Having little stake in the status quo, young people join opposition groups hoping to create an "ideal society." Both governments and their oppositions exploit youth's abundant idealism and impassioned activism. Because oral traditions are prevalent in Muslim societies, religious and political leaders use their speaking skills to establish credibility, cultivate charisma, and recruit and mobilize followers, particularly youths. In the late 1950 Egypt, Jamal ˓Abd al-Nasser's (1918–1970) powerful lectures drew youth support for his policy of Arab unity. During the 1970s, ˓Ali Shari˓ati's (1933–1977) oratory won over Iranian youths to his radical Islamic ideology. In the 1980s and 1990s, ˓Abd al-Karim Sorush's (b. 1945) deft use of language has similarly appealed to Iranian youths in the Islamic Republic, who sympathize with his liberal Islamic ideology. Often, religious leaders attract youths to their political causes through mosques or underground networks, as the Egyptian Muslim Brotherhood (al-Ikhwan al-Muslimin), founded in 1928, and the Iranian Fedaiyan-e Islam, created in 1945, have shown.

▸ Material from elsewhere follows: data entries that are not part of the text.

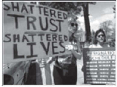
საპროტესტო ლოზუნგები: დანგრეული სიცოცხლეები დანგრეული ნდობა

„უცდომელობა“? ერთხელ ხომ უკვე მოუხადა ბოდიში რომის „ეკლესიამ“ კაცობრიობას ინკვიზიციის, პაპის სახელით ცეცხლში დამწვარი ათიათასობით ადამიანის გამო. ის რა „ეკლესიაა“, რომელიც საბოდიშოდ იხდის საქმეს? ვატიკანს საგანგებო ბოდიში აქვს მოსახდელი მართლმადიდებლებისათვის, თუ როგორ ხოცავდა მათ ყველგან, სადაც ხელი მიუწვდებოდა. სულ ახლახან, 10-ოდე წლის წინ პოლონეთში კათოლიკეებმა მართლმადიდებელი ბერები დახოცეს და მათი მონასტრები დაარბიეს. გერმანელ-ფაშისტთა საკონცენტრაციო ბანაკებში კათოლიკე-უსტაშები ისეთი სისასტიკით ხოცავდნენ მართლმადიდებლებს, რომ ფაშისტებიც კი განცვიფრებაში მოჰყავდათ. უკრაინის ოკუპაციის დროს მხოლოდ კათოლიკურ-უნიატური „ეკლესია“ თანამშრომლობდა ფაშისტებთან. ვაშინგტონელი ადვოკატი ჯონათან ლევი იცავს საკონცენტრაციო ბანაკის ტუსაღების ინტერესებს,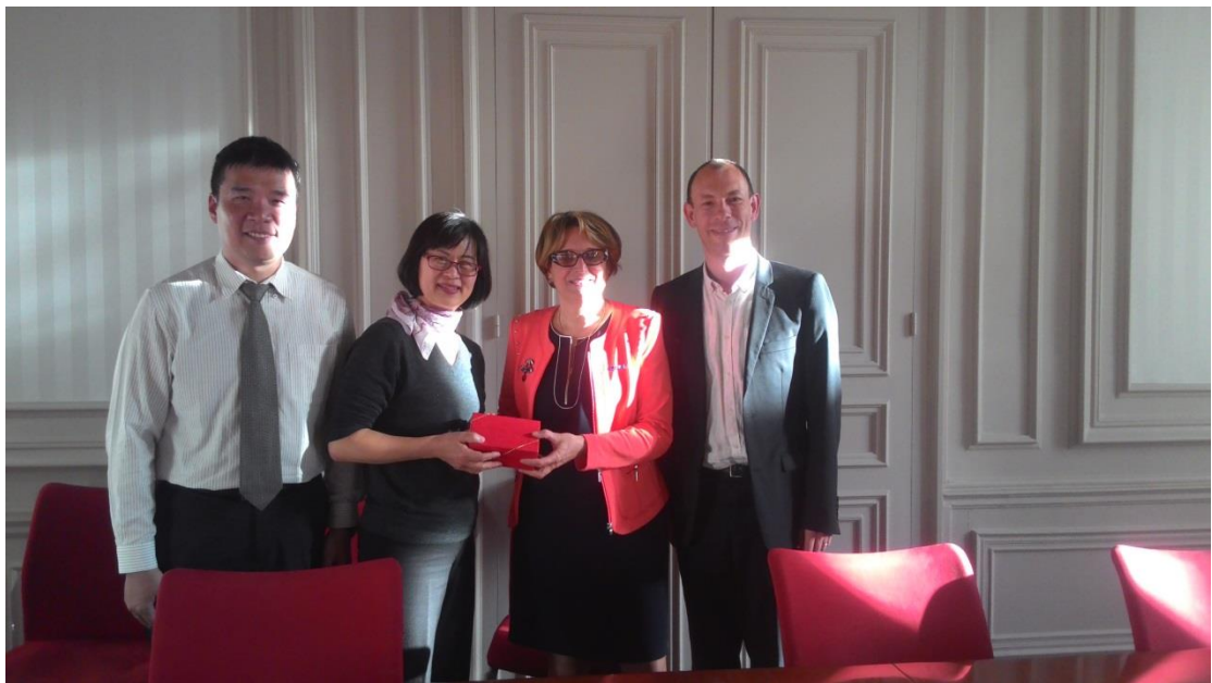
5月3日拜會法國全國家庭協會聯盟 (UNAF)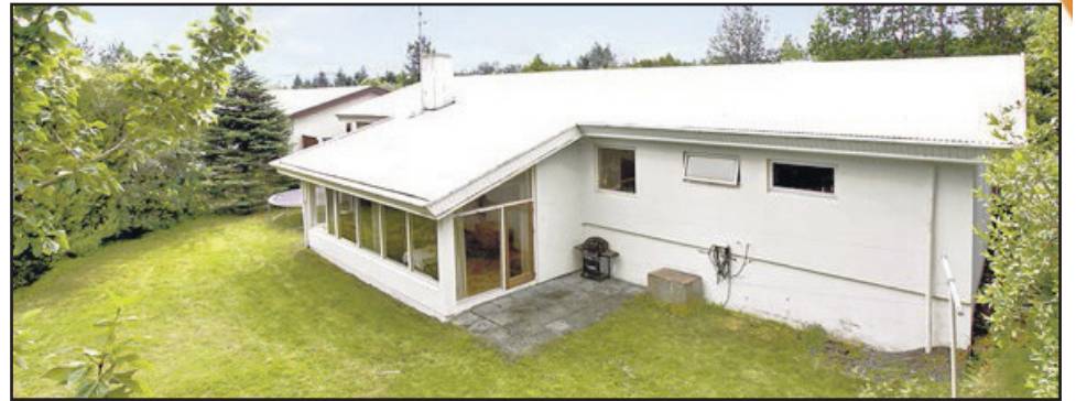
Lágholt - 270 Mos

Til sölu virðulegt 581 fm einbýlishús á stórrí skógi vaxinni lóð með skemmtilegri aðkomu miðsvæðis í borginni. Í húsinu eru nú stórar og fallegar stofur, eldhús, 3 baðherbergi, fjölmörg herbergi, íþróttasalur, heitur pottur, gufa, mikið geymslurými, þvottahús o.fl. Húsið stendur á 2.300 fm skógi vaxinni lóð og því fylgir einnig önnur samliggjandi 3.700 fm lóð, einnig skógi vaxin. Nánari uppl. á skrifst.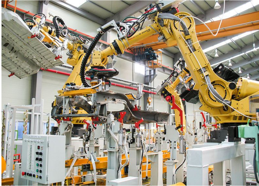
Imagem 01: robotização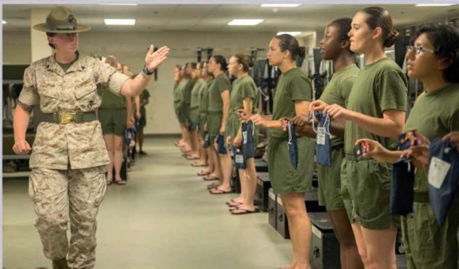
Шикуння рекрутів Корпусу морської піхоти США, що проходять підготовку на тренувальній базі «Перріс Айленд», перед відбоем

В США до 1948 року жінки могли виконувати військовий обов'язок лише у воєнний час і лише в складі розгорнутих на цей період допоміжних формувань. Із прийняттям Конгресом закону «Про інтеграцію жінок до складу Збройних Сил» комплектування війська жінками стало здійснюватись і у мирний період. Однак про гендерне рівноправ'я при цьому не йшлося. Жінки не мали права обіймати велику кількість посад – скажімо, льотного складу бойової авіації чи плавскладу бойових кораблів. Не могли вони й мати у підлеглості військовослужбовців-чоловіків і прагнути високих чинів. Тобто, теоретично «жіночих корпусів» не існувало, але зрозуміло, що з часів Другої світової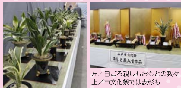
左/日ごろ親しむおもとの数々 上/市文化祭では表彰も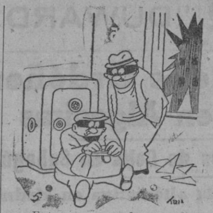
—Entonces, ¿no hay medio de abrir el maletín de las herramientas?

Una vez nacida la lechigada de lechoncitos, se les marca en la oreja para su identificación en el futuro—cosa importante para conocer la fecha de nacimiento de los animales que se usan con el fin de hacer experimentos de alimentación—y se les deja con la madre hasta que tienen siete días. Después, se les lleva al establo especial para ellos.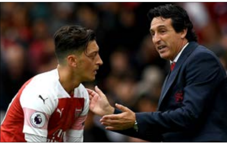
يقدم أرسنال كرة قدم جديدة (أرشيف)

مهجة كبيرة على عاتق الرجل المقال من تدريب باريس سان جيرمان الفرنسي. استهزل المدرب الإسباني مشواره باختبارين الإدارة، جاء أمام كل من مانشستر سيتي وتشيلسي، خسر أرسنال في المباراتين. البداية المتعذرة أوراك فينغر المبعثرة، فحل معضلة المهاجم الفرنسي الكسندر لاكاريتز والجماهير، ساد الشغور بأن إيمري هو الرجل الخاطيء. شعور سرعان ما تبدد بعد سلسلة الانتصارات التي حققها الكازن، والتي وصلت إلى عتبة الـ 10 انتصارات متتالية في إيمري لم يتوقف عند ذلك فحسب،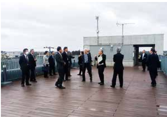
一松北部コミュニティセンター

東京都西多摩郡「瑞穂町・奥多摩町・檜原村」 島「大島町・八丈町・利島村・三宅村・御蔵島村・青ヶ島・小笠原村」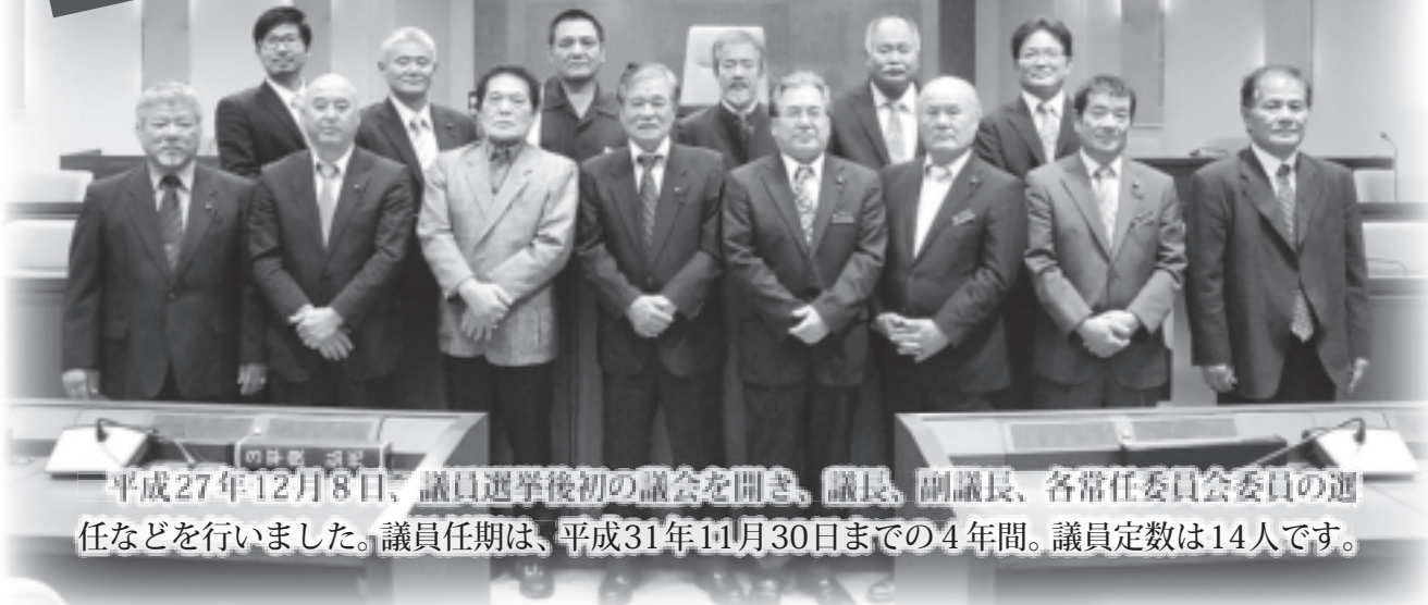
平成27年12月8日、議員選挙後初の議会を開き、議長、副議長、各常任委員会委員の選任などを行いました。議員任期は、平成31年11月30日までの4年間。議員定数は14人です。

In societies marked by limited upward political and economic mobility, student movements enable youths to crack the system and open up spaces for participation in the politics. Many nationalist leaders began their political socialization in student organizations. Realizing this fact, governments also try to recruit students to their administrations. In the early 1970s, the shah of Iran, Muhammad Reza Pahlevi (1919–1980), undermined the growing power of the Confederation of the Iranian Students in the United States and Europe by luring its leaders to lucrative government posts. The Saudi and Kuwaiti governments have likewise co-opted their young opposition and with greater success than the shah.

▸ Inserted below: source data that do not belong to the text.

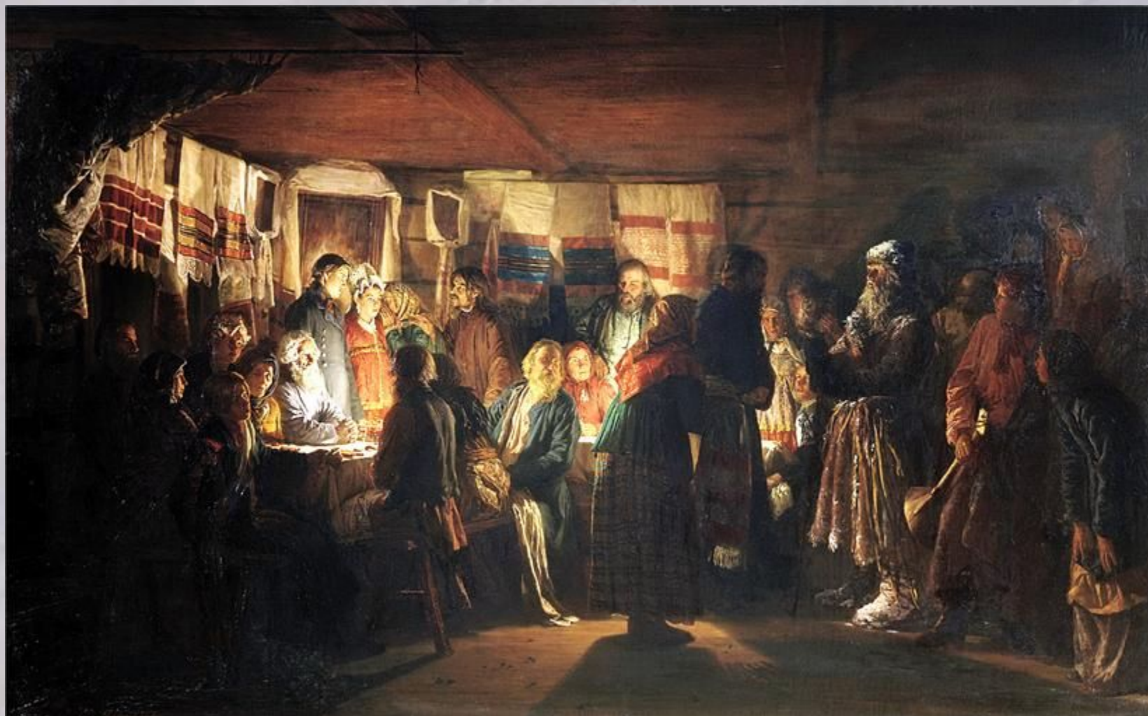
МАКСИМОВ Василий Приход колдуна на крестьянскую свадьбу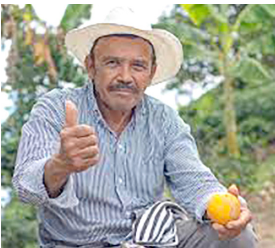
El Gobierno Departamental del Huila, liderado por el Programa de Alimentación Escolar (PAE), invierte más de $106.000 millones en compras locales, impulsando la economía regional.

rante todo el cuatrienio para cumplir con la normativa establecida en la Ley 2046 de 2020. Entre los productores locales que participaron se encuentran la Asociación de Colombia Huila, Asociación de Jóvenes Emprendedores, Don Julio, Don Miguel, Grupo Gerko, Trébol, Asociación de Brisas del Huila, y la Asociación de Jóvenes Agropecuarios, entre otros. “Los agricultores y productores de todo el departamento experimentaron beneficios significativos, especialmente a través de la adquisición de diversos productos como panela, frijol, maíz, plátano, frutas, cárnicos y huevos. Estas compras no solo respaldaron la actividad productiva local, sino que también representaron una inversión sustancial en el sector. En el seno del equipo ejecutivo del Programa de Alimentación Escolar (PAE), destacamos con énfasis estas adquisiciones, las cuales se realizaron en concordancia con la Ley de Compras Públicas Locales”, resaltó la Secretaría de Educación Departamental. A pesar de los desafíos encontrados en el cumplimiento de la ley por parte de algunos alcaldes, la iniciativa de compras públicas locales en el Huila ha demostrado ser un éxito, fortaleciendo los circuitos cortos de comercialización y beneficiando a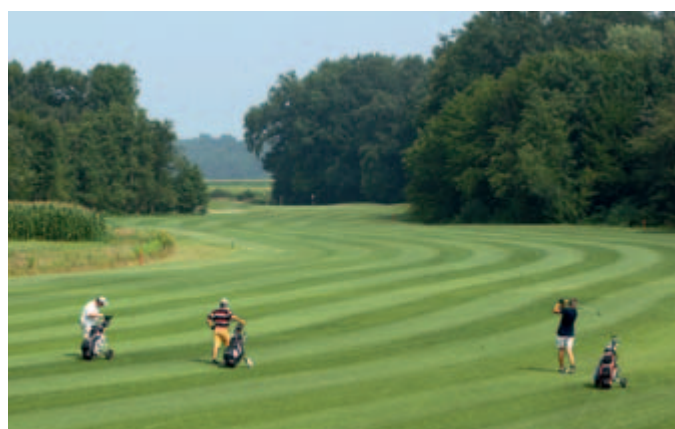
Pridružite se nam na Golf igrišču Livada z 18 igralnimi polji, na nordijski hoji, potepanju s kolesom, igranju tenisa, odbojke ...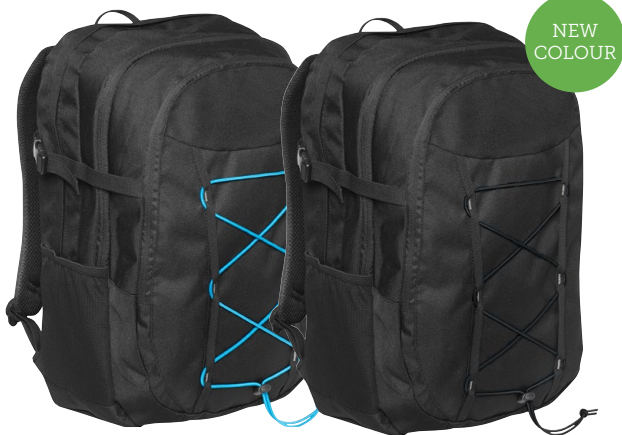
397 svart / turkos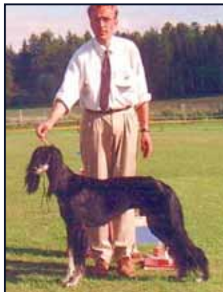
FI CH Kuriirin Armani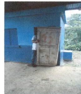
Foto 6: Sustrucción de puerta de madera por metal y de ventana por balcon.

Observación: Si es necesario se pueden agregar hojas adicionales y actualizar el número de hojas.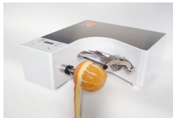
電動ピーラー「瞬助」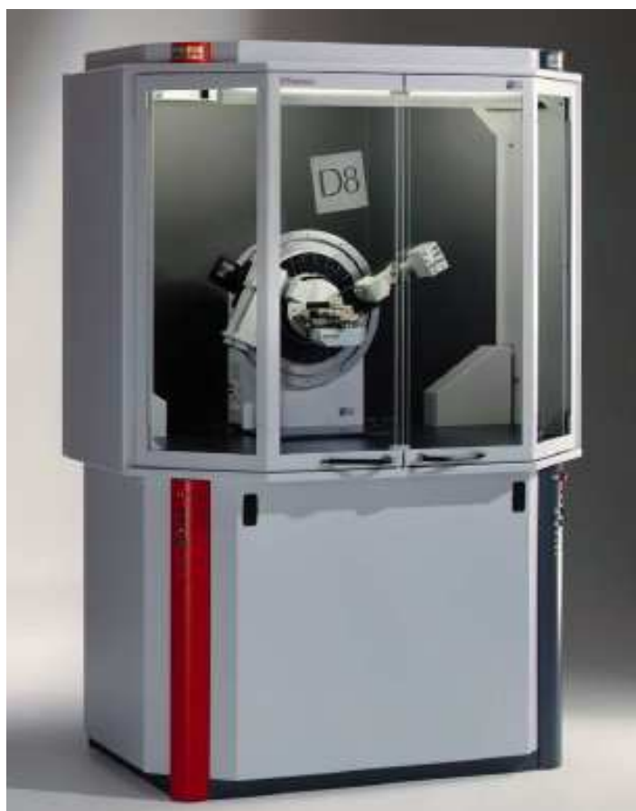
BRUKER D8 FOCUS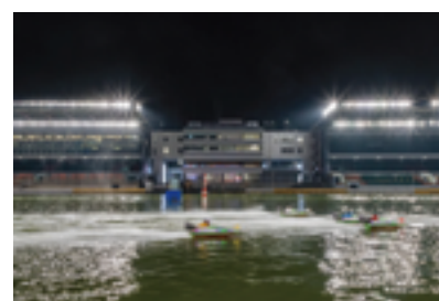
ボートレース住之江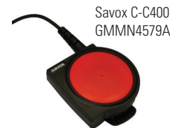
Savox C-C400 GMMN4579A

La soluzione si può completare con l' unità di controllo Savox C-C400 che consente l'uso della radio bidirezionale in condizioni di pericolo. Studiata per essere particolarmente robusta per l'uso negli ambienti più estremi, il grande pulsante PTT garantisce la trasmissione anche se utilizzato sotto gli equipaggiamenti e gli indumenti protettivi.

The correlation between the emergence of youth movements and economic decline is not strong in the Middle East. Since most youth movements are sociocultural and political, they have arisen during both economic prosperity and decline. In the 1970s, a guerilla movement emerged in Iran as the oil export boom brought new wealth. During the mid-1990s, proreform students formed a movement, reacting to the last decade's political developments rather than to poor economic conditions. The relationship between youth movements and the Iranian state has been discontinuous. When in late 1940s, Mohammad Mosaddeq (1880–1967), then elected prime minister, launched a campaign to end the British control of the Iranian oil industry, students backed both his stance as well as his antimonarchy efforts. However, once the CIA-supported coup ended Mosaddeq's government in 1953, restoring the monarchy, the student movement opposed the shah's rule by using both violent and nonviolent tactics.

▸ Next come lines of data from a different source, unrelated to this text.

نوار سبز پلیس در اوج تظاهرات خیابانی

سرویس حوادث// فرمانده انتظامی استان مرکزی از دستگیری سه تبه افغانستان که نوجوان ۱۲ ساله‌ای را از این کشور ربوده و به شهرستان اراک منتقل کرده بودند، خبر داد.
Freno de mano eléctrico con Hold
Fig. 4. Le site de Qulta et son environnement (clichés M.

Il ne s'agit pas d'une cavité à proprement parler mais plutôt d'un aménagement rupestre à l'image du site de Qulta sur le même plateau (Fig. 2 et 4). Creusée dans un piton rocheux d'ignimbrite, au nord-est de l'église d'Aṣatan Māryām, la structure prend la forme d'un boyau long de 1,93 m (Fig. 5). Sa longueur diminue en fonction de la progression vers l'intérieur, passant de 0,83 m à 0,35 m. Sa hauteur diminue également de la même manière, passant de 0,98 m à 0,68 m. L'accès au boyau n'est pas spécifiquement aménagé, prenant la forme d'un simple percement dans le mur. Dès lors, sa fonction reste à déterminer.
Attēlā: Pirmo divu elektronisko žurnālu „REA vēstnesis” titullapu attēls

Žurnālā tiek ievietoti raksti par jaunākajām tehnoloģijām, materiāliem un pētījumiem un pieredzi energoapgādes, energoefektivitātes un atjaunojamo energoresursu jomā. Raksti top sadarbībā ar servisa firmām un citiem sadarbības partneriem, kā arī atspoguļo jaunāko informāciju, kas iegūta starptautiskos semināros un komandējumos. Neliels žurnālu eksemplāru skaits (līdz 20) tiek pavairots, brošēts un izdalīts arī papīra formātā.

In the political arena, the locus of Middle Eastern youth movements is often universities. Where allowed, political organizations and parties establish subsidiaries in universities for recruitment and mobilization. Where outlawed, opposition groups still operate on campuses underground for political agitation and recruitment. In the absence of serious political parties in many societies, student movements become the principal advocates of ideological and political trends in society and a vanguard of change. In the 1980s and 1990s, a host of sociological variables has contributed to the rising expectations among the youth and created fertile grounds for youth activism. In 1998, 40 percent of the Middle Eastern population was under fifteen years old, as opposed to one-fifth for the developed world. The general decline in oil prices around the world, coupled with increasing population, has led to economic decline in the Middle East. Unemployment, aggravated by the increase in the rate of rural-urban migration and urbanization, has led to disenchantment among the youth making further demands for education, social freedom, jobs, housing, and resources for establishing a family. These factors have delivered frustrated youth to extremist ideologies, especially Islamic fundamentalism. The 1990s has witnessed massive recruitment among the youth by Islamic radicals like HAMAS in Palestine, Hezbollah in Lebanon, the Jama˓a Islamiyya in Egypt, the Mobilization (Basij) Forces in Iran, and al-Qa˓ida in Afghanistan.

The most interesting demographic change has been a sharp increase in the number of young women in Middle Eastern universities outnumbering men in a number of fields. In the second decade of the revolution in Iran, more females studied in various fields, despite official restrictions. In Syria, Turkey, Jordan, and Iraq, the governments encouraged female participation in most aspects of social and political life. Among the Persian Gulf countries, Kuwait, Yemen, and Oman have developed policies promoting female education and social participation, but except in Kuwait, success has been generally slow and limited.

The dominant features of student movements in the region are radicalism, intellectual idealism, anti-authoritarianism, anti-imperialism, anti-Americanism, and nationalism. The scope of these movements is national and the respective state apparati are their targets of attack. Iran's student movement exemplifies these characteristics the best. A close look at this movement will demonstrate the dynamics and diversity of the student movement in the region.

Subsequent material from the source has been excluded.